Figure 8. Panels (A–D) show SHAP dependence plots for the four most influential variables, (A) Pier width normal to flow bn (ft), (B) Approach flow velocity Vo (ft/s), (C) Approach flow depth yo (ft), and (D) Duration of flow T (min). Each point corresponds to one observation, with the x-axis giving the feature value and the y-axis giving its SHAP value, representing feature’s contribution to the predicted scour depth ys (ft).
3.7 Generated scenarios assessment
This section evaluates the generated scenarios, comparing predicted scour responses across stress-tested combinations of hydraulic, geometric, and sediment conditions to identify sensitivity patterns, potential worst cases, and the robustness of model conclusions. The predicted scour depth at Knik River bridge piers across all scenarios is presented in Table 6, with the frequency histograms in Figure 9A showing a clear ordering across scenarios. Among all the scenarios, the combined worst case (WC-Flow + VcT) dominates the upper range with a right-shifted distribution and a long upper tail, indicating both higher typical scour and more frequent extremes (several peaks around 4.7–4.9 ft). The WC-Flow scenario is still severe but lies slightly below the combined case, with a distribution centered at smaller depths and a shorter upper tail, consistent with peak hydrodynamic forcing without the extra scour development from extended duration. The WC-VcT scenario concentrates at lower depths with less spread, meaning longer periods above the mobility threshold increase scour, but the increases are smaller than those produced by peak-flow events. The Q99 scenario clusters narrowly around 4.0–4.3 ft and typically lies 0.3–0.6 ft below WC-Flow + VcT, marking a rare-but-plausible benchmark distinct from the engineered worst case.

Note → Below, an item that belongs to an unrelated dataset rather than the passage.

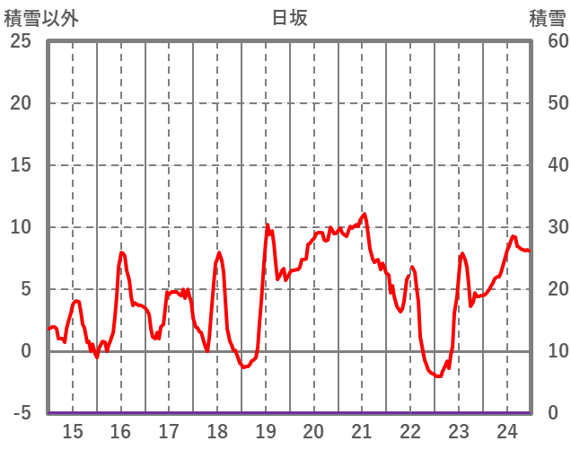 | 日 | 時 | 気温 | 降水 | 風向/風速 | 日照 | 積雪 | 降雪 |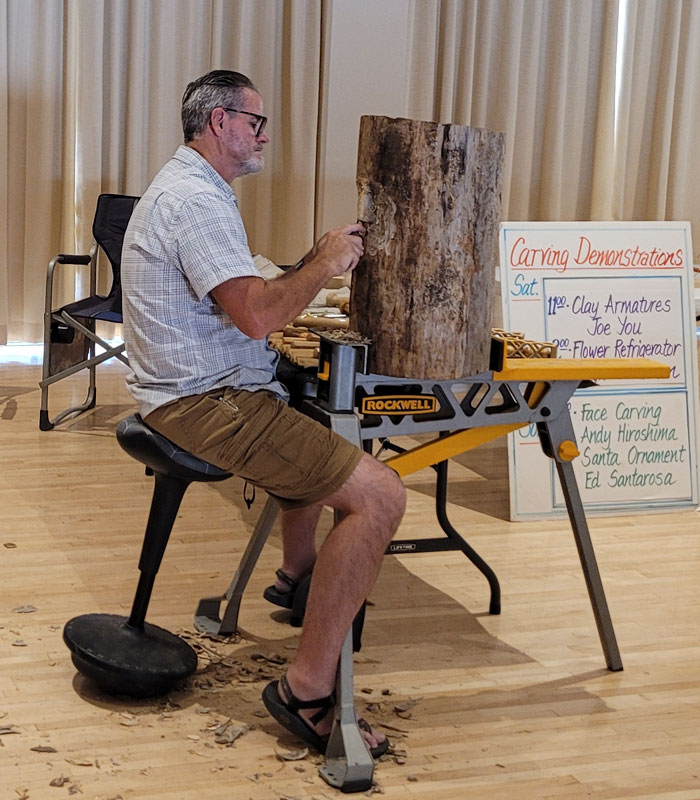 CWA member Joe You demonstrates how to carve a face for a caricature.

Figure 9. Scenario-based predictions of pier-scour depth ys (ft) for seven case-study piers under four hydraulic/sediment scenarios (Q99, WC-Flow, WC-VcT, WC-Flow + VcT) from the Gradient Boosting model. (A) Overlapping histograms of predicted ys (ft) for each scenario, showing shifts in distribution. (B) Boxplots of ys (ft) by scenario, with boxes for the interquartile range, whiskers for the full range, circles for outliers, and triangles for the mean. (C) Bar chart of ys (ft) versus pier ID, comparing scenario-specific scour depth at each pier.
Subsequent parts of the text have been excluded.